Tag Archives: The Ruin (8th century poem)

Among the Ruins

This masonry is wondrous; fates broke it
courtyard pavements were smashed; the work of giants is decaying.
Roofs are fallen, ruinous towers,
the frosty gate with frost on cement is ravaged,
chipped roofs are torn, fallen,
undermined by old age. The grasp of the earth possesses
the mighty builders, perished and fallen,
the hard grasp of earth, until a hundred generations
of people have departed. Often this wall,
lichen-grey and stained with red, experienced one reign after another,
remained standing under storms; the high wide gate has collapsed.
Still the masonry endures in winds cut down …*

An archaeologist at work at the Oval yesterday surveying the third day of the fourth Test match between England and India would have seen a single wall, upright and unscathed by anything that time had thrown or bowled at it, evidence of the considerable skill and craftsmanship of a great civilization.

About the base of the wall he would have noticed fallen columns, single capping stones, dismantled steps, smashed arches and overturned cornices littering the ground; evidence of the destruction wielded against that civilization by some invading storm of vandals.  

This was not another find of the remnants of the Indian bowling, but the relics of the once great cultural expression of cricket which was Indian batting whose lyric verse no cricket lover can have ever tired of enjoying.
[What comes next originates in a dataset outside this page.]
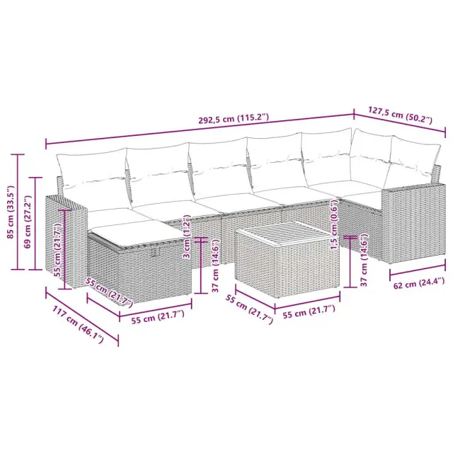 Ta vrtna sedežna garnitura je popoln dodatek za vaše dvorišče, teraso ali verando, saj zagotavlja udoben in vabljiv prostor za klepet z družino in prijatelji ali preprosto za sprostitev in uživanje na prostem. Trpežen material: PE ratan, znan tudi kot poli ratan, je močan sintetični material, ki ne potrebuje vzdrževanja in je videti kot naravni ratan. Je lahek, enostaven za čiščenje in se zaradi svoje vzdržljivosti in odpornosti na vremenske vplive pogosto uporablja za zunanje pohištvo.Funkcija shranjevanja z vodoodporno torbo: Vrtno pohištvo ima pod sedežem prostor za shranjevanje, opremljen z vodoodporno torbo za shranjevanje blazin, igrač in drugih stvari. Notranjo torbo je mogoče varno pritrditi na zunanje pohištvo s kavljem in zanko za večjo stabilnost.Vsestranski stolček za noge: Stolček je vsestransko uporaben, saj služi kot udoben naslon za noge, ko ležite na kavču, ali kot dodaten sedež na vrtu.Prevleko je mogoče odstraniti in oprati: Te sedežne blazine imajo odstranljive prevleke za lažje pranje in vzdrževanje.Modularna zasnova: Ta komplet zunanjega pohištva ima modularno zasnovo, zaradi česar je popolnoma prilagodljiv in enostaven za premikanje, tako da lahko zunanjo garnituro postavite kakor koli želite. Dobro je vedeti:Če želite, da vaše zunanje pohištvo ostane lepo, vam priporočamo, da ga zaščitite z vodoodporno prevleko.Dimenzije vodoodporne vreče: 55 x 53 x 34 cm (D x Š x V)Največja dovoljena teža (na sedež): 110 kgUV-odpornoPlastične nastavljive nogePotrebno sestavljanje: DaKavč z naslonjali za roke:Barva: ČrnaMaterial: PE ratan, jeklen okvir s prašnim premazomDimenzije: 65,5 x 62 x 69 cm (Š x G x V)Velikost sedeža: 55 x 55 cm (Š x G)Višina sedeža od tal (brez blazine): 37 cmVišina naslonjal za roke od tal: 55 cmŠirina naslonjala za roke: 10 cmKotni sedež:Barva: ČrnaMaterial: PE ratan, jeklen okvir s prašnim premazomDimenzije: 62 x 62 x 69 cm (Š x G x V)Velikost sedeža: 55 x 55 cm (Š x G)Višina sedeža od tal (brez blazine): 37 cmSrednji sedež:Barva: ČrnaMaterial: PE ratan, jeklen okvir s prašnim premazomDimenzije: 55 x 62 x 69 cm (Š x G x V)Velikost sedeža: 55 x 55 cm (Š x G)Višina sedeža od tal (brez blazine): 37 cmStolček za noge:Barva: ČrnaMaterial: PE ratan, jeklen okvir s prašnim premazomDimenzije: 55 x 55 x 37 cm (Š x G x V)Vrtna miza:Barva: Črna in rjavaMaterial: PE ratan, prašno premazano jeklo, trden akacijev les z oljnim premazomDimenzije: 55 x 55 x 37 cm (Š x G x V)Blazina:Barva: Kremno belaMaterial prevleke: Tkanina (100 % poliester)Polnilo sedežne blazine: PenaPolnilo hrbtne blazine: bombažna vlaknaDimenzije sedežne blazine: 55 x 55 x 3 cm (Š x G x D)Dimenzije hrbtne blazine: 55 x 45 x 13 cm (D x Š x D) Paket vsebuje:2 x Kavč s funkcijo shranjevanja z vodoodporno vrečo1 x Kotni kavč s funkcijo shranjevanja z vodoodporno vrečo3 x Srednji kavč s funkcijo shranjevanja z vodoodporno vrečo1 x Stolček s funkcijo shranjevanja1 x Vrtna miza7 x Hrbtna blazina7 x Sedežna blazina s snemljivo in pralno prevleko 3325794

Rain took nearly four hours of time out of the day’s play but this forced England to declare at 591 for 6.  Bell had reached his first ‘double’ in Test cricket before perishing to the sweep against Raina for 235 (in 487 minutes and 364 balls).  Morgan had damaged his Test match reputation a little further and Bopara had done all that was required of him in personally testing circumstances.

India sheltered in their dressing room throughout the delay in play, either recovering from the pummelling they had received in the field or in dread of the pummelling they were about to receive when batting, or both.

England in contrast manifested their testosterone when going through their full pre-match preparations on the drying outfield.

Once again the Indiam batting line up had to be altered as Gambhir recovered from a concussion acquired when thumping the back of his head very hard as he stumbled backwards in a failed attempt at a catch the day before.

This necessitated Dravid opening once more, but it should not necessarily have necessitated VVS Laxman batting at number three again, but inexplicably it did.

Sehwag taking first strike untypically watched a couple of deliveries from Anderson go down the off-side before hitting the next two to the boundary in a more typical Sehwagian fashion.  All hearts were raised by the hope of witnessing this special batsman lead India’s counter attack against the Vandal horde, but Anderson was setting him up for the one that comes back and he was duly trapped LBW like a novice.

Laxman was accordingly sacrificed like some gambit with a pawn.  Who exactly is responsible for squandering the potential of this great middle order batsman against the new ball?

Tendulka arrived to another standing ovation as the crowd, keen to the history of events, willed him to the rather artificial milestone (or millstone) of a hundred international hundreds. 

This giant of all-time was all-care and all-attention but he was twice struck ducking under balls that were not that short, once on the helmet and once in the ribs.   It was an uncharacteristic awkwardness and discomfit, but he met the blow to his head with an embarrassed smile and then a perfect on-drive for four.  All might be well, thought the historically minded crowd.

But an all-or-nothing sweep him off his length approach to Swann, who came on to bowl salivating like one of Pavlov’s dogs, was fraught with danger.  He must have calculated that the risk was worth it.  It revealed the Indian estimation of the wicket and the threat that the off-spinner presents, but the odds were always against it answering the destructive challenge of Swann the Terrible, and it was not long before Sachin bent his knee again and gloved the ball over his head to a waiting slip.

All who slaver are not fools.

Raina’s humiliation continued with a 40 minute duck that showed him confounded by movement and then lured by flight to over-balance and be stumped by a quick handed Prior, the batsman’s toe finding only a precarious perch on the line.

England took 5 Indian wickets in two hours (including a nightwatchman). Fifteen therefore remain to be demolished and reduced to rubble by England in two days. Swann’s figures are 10 overs, three maidens, 3 for 27.

The Wall remains 57, the only lasting evidence of a shattered civilization.

* extract from “The Ruin“, an 8th-century Old English poem from the Exeter Book by an unknown author.

N.B. The Squire has been called to Town and Third Man’s valeting services are required.  His Grace has not revealed whether this journey is in response to a call from the Governor of the Bank of England, a secretive someone in Downing Street or Duncan Fletcher, but further morning reports of deeds at the Oval will not be forth coming.